Applied BioMath, the industry-leader in applying systems pharmacology and mechanistic modelling, simulation, and analysis to de-risk drug research and development, today announced a collaboration with Cullinan Oncology. Applied BioMath will develop a systems pharmacology model for CLN-049, a novel FLT3XCD3 bispecific antibody for Acute Myeloid Leukemia, being developed by Cullinan Florentine, a Cullinan Oncology company.
This model will be used to determine first in human starting dose and to predict the efficacious dose range in the clinic.
"We look forward to leveraging the proven modelling approaches of Applied BioMath in our development project," said Jennifer Michaelson, Chief Development Officer, Biologics at Cullinan Oncology. "We see significant potential for Applied BioMath's modelling efforts to augment our program, from predicting starting dose and efficacious dose ranges and informing optimal dose regimens in the clinic, to helping us design efficacy studies in mice and tolerability studies in non-human primates."

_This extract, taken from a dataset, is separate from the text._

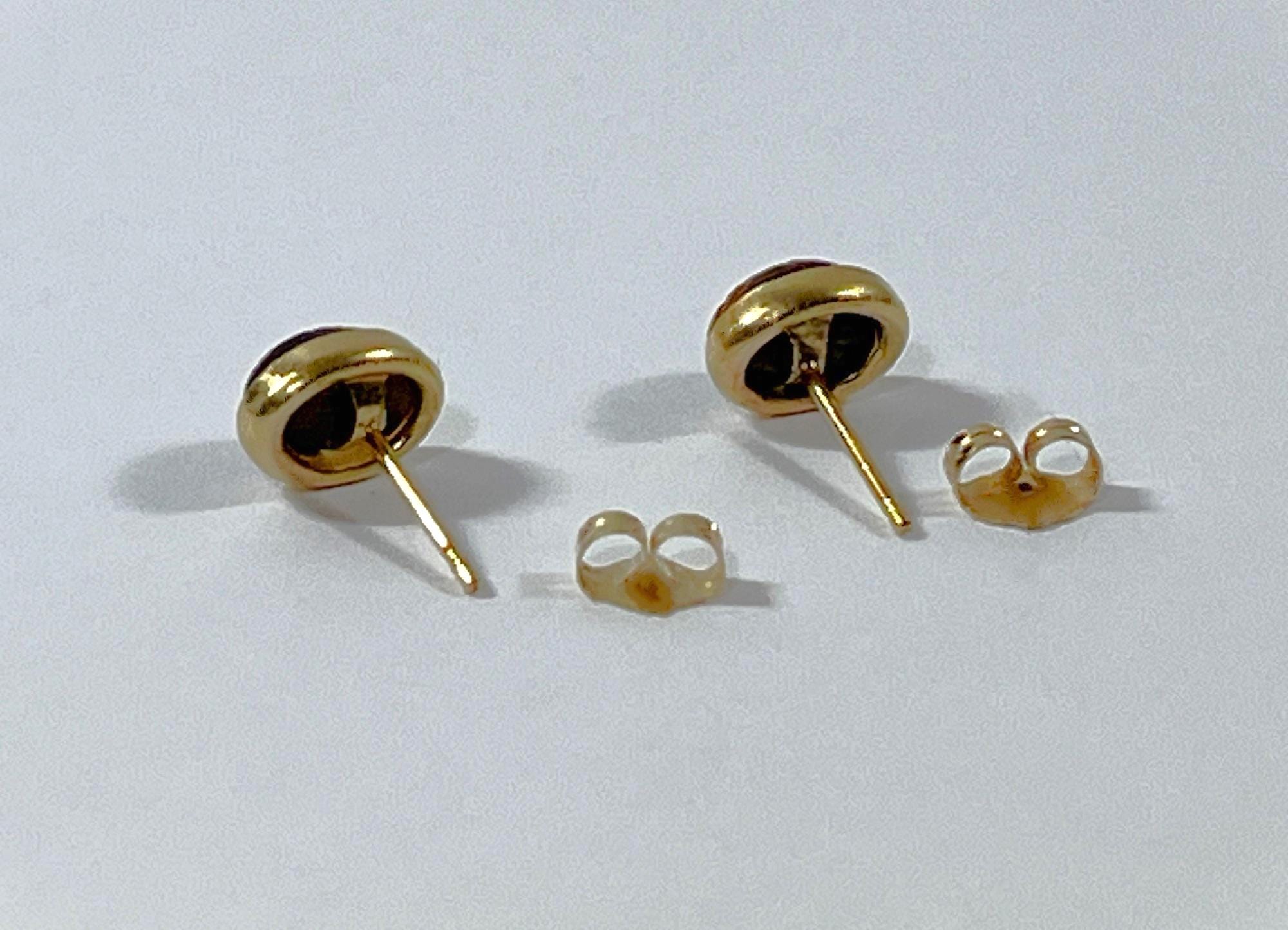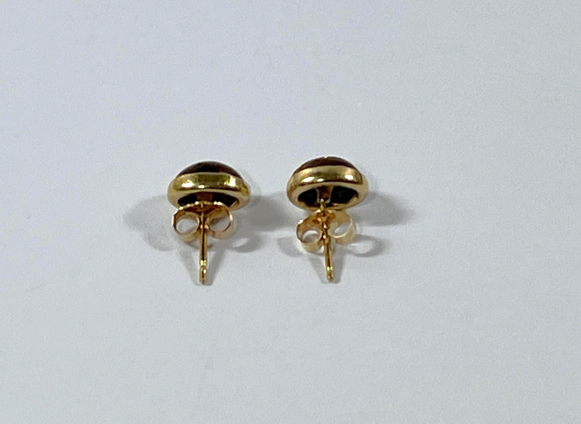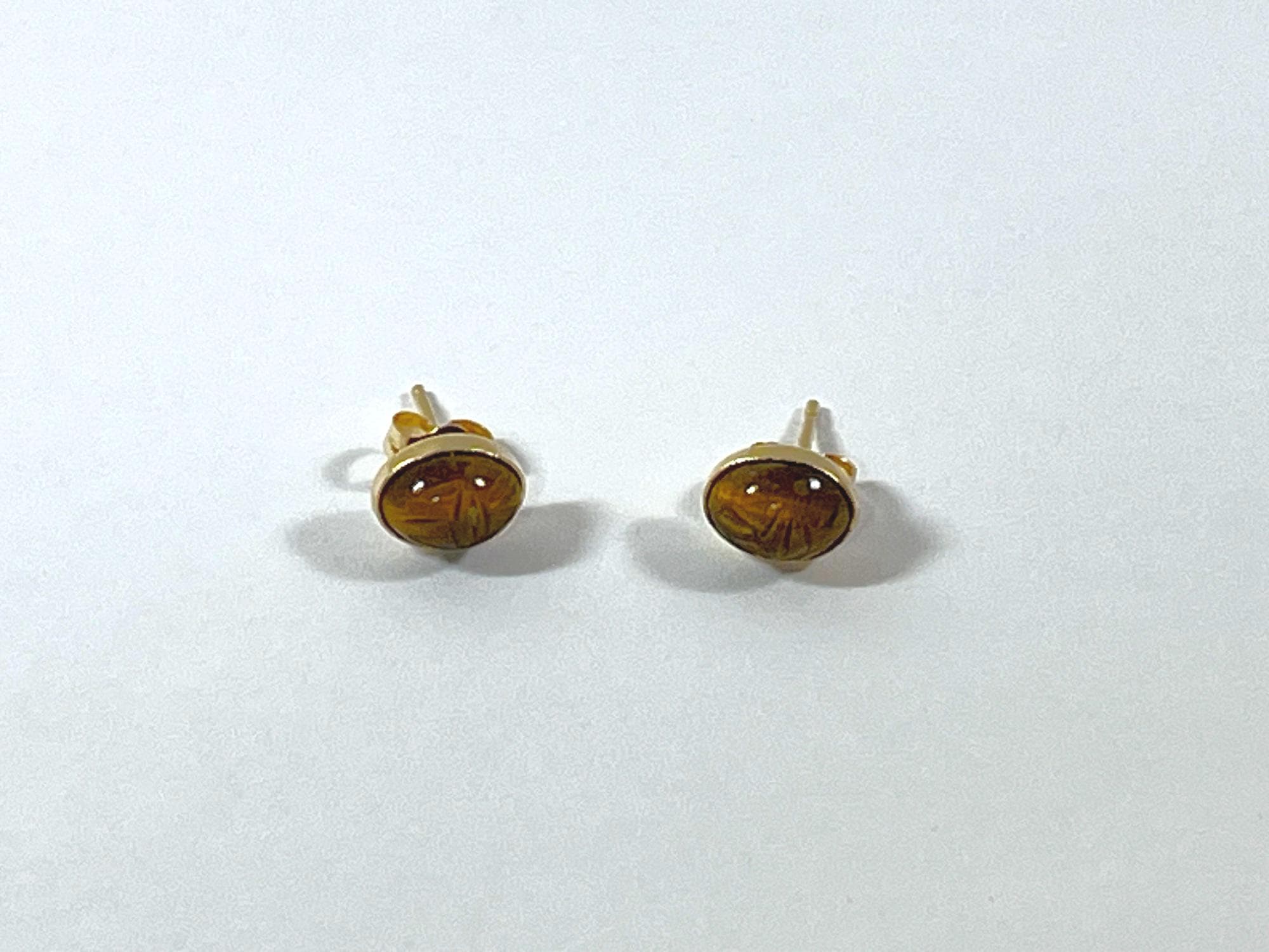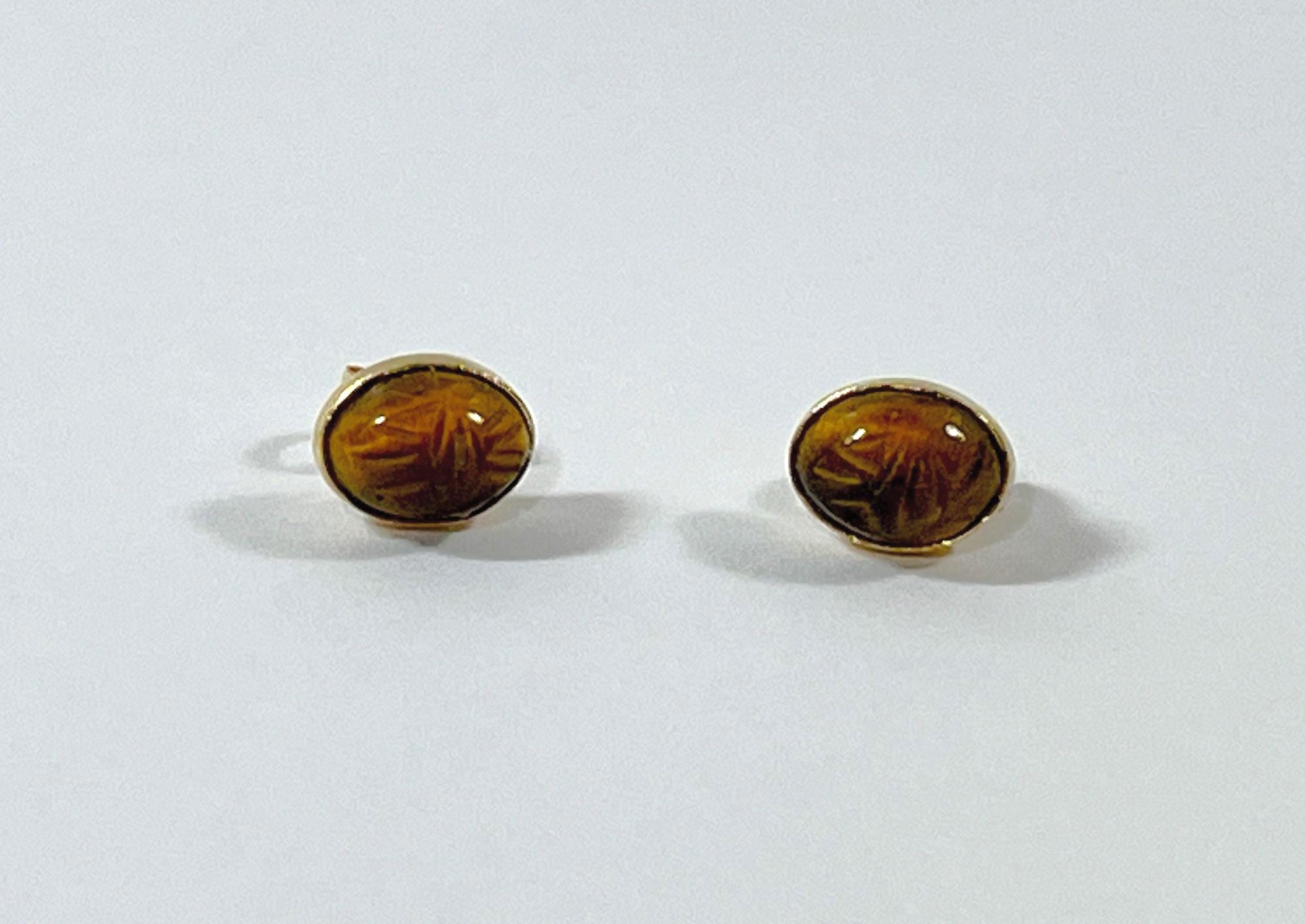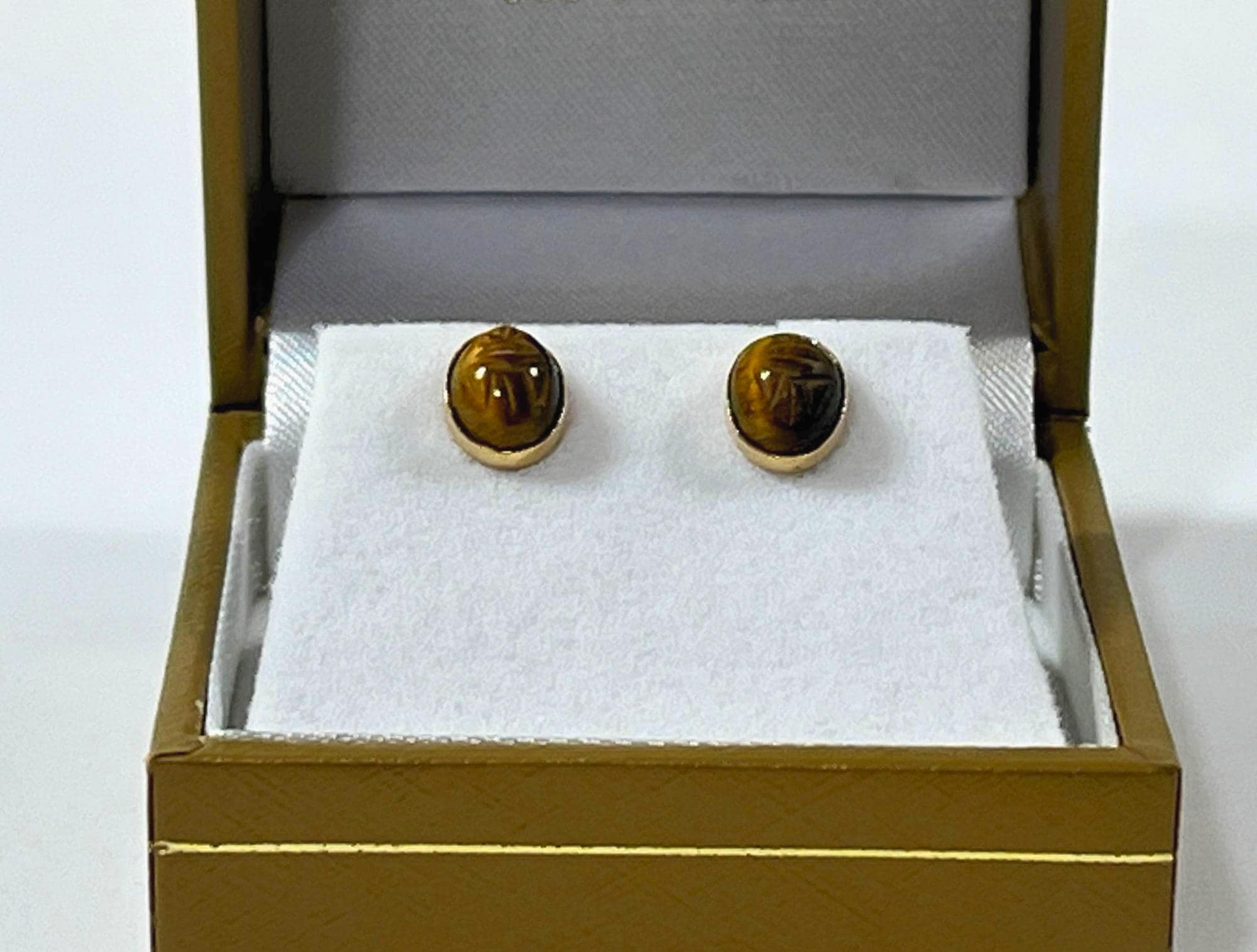 VINTAGE 14K SOLID YELLOW GOLD TIGER'S EYE GEMSTONE SCARABS STUD EARRINGS.

Applied BioMath employs a rigorous fit-for-purpose model development process which aims to quantitatively integrate knowledge about therapeutics with an understanding of its mechanism of action in the context of human disease mechanisms. Their approach employs proprietary algorithms and software that were designed specifically for systems pharmacology model development, simulation, and analysis. "Our mechanistic approach to systems pharmacology modelling is the most accurate way to translate across species and prepare for first in human doses," said Dr. John Burke, PhD, Co-Founder, President, and CEO of Applied BioMath. "We look forward to leveraging our modelling expertise to help Cullinan Oncology advance their therapeutic to the clinic
Founded in 2013, Applied BioMath's mission is to revolutionize drug invention. Applied BioMath uses mathematical modelling and simulation to provide quantitative and predictive guidance to biotechnology and pharmaceutical companies to help accelerate and de-risk drug research and development. Their approach employs proprietary algorithms and software to support groups worldwide in decision-making from early research through clinical trials. The Applied BioMath team leverages their decades of expertise in biology, mathematical modelling and analysis, high-performance computing, and industry experience to help groups better understand their candidate, its best-in-class parameters, competitive advantages, patients, and the best path forward into and in the clinic.